Ph.D Thesis


Ph.D StudentIzchak Sharfman
SubjectA Geometric Approach to Detecting Global Properties
over Distributed Data
DepartmentDepartment of Computer Science
Supervisor Full Professors Schuster Assaf
Full Thesis textFull thesis text - English Version


Abstract

A basic construct in many distributed systems is the detection of global properties over distributed data. Examples include a wireless sensor network, where we would like to receive an alert every time the average of the temperature readings taken by the sensors exceeds a given threshold, or a distributed search engine, where we would like to determine the set of search terms whose frequency of use exceeds a given threshold.

Until recently, research has focused on detecting global properties that are defined by simple aggregates over the distributed data. For these cases, there are usually local conditions for the occurrence of the global property of interest. For example, if we have 100 nodes, and we wish to be alerted when the average temperature is over 50 degrees, we can use the observation that for this to occur, the temperature measurement in at least one node has to be over 50 degrees.

In many cases, however, global properties of interest are expressed by more complex functions. Examples include detecting when the variance of the sensor readings in a sensor network exceeds a given threshold, and determining the set of pairs of search terms whose correlation exceeds a given threshold.

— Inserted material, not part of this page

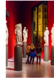
19_In der Spitze des Museums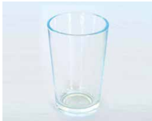
Verre de 100 ml

This work studies global properties of the following form: we assume that each node holds a time varying d-dimensional vector. In addition, we assume that we are given an arbitrary scoring function that is evaluated on the average of the local vectors held by the nodes. We are interested in detecting when the value of this function crosses a pre-determined threshold value.

The simplest solution detecting these global properties is for each node to transmit its vector to a central node, which averages the local vectors and evaluates the function at the average. Alas, this solution is prohibitively expensive in terms of communication, and a great deal of research is dedicated to reducing the communication overload.

This work proposes to solve this problem by using a novel geometric approach. It is based on having each node construct a set in the space of data vectors, such that the average vector has to be in at least one of these sets. Then, each node locally checks whether the function's value on its set has crossed the threshold; and if no node issues an alert, there is no need for the nodes to communicate.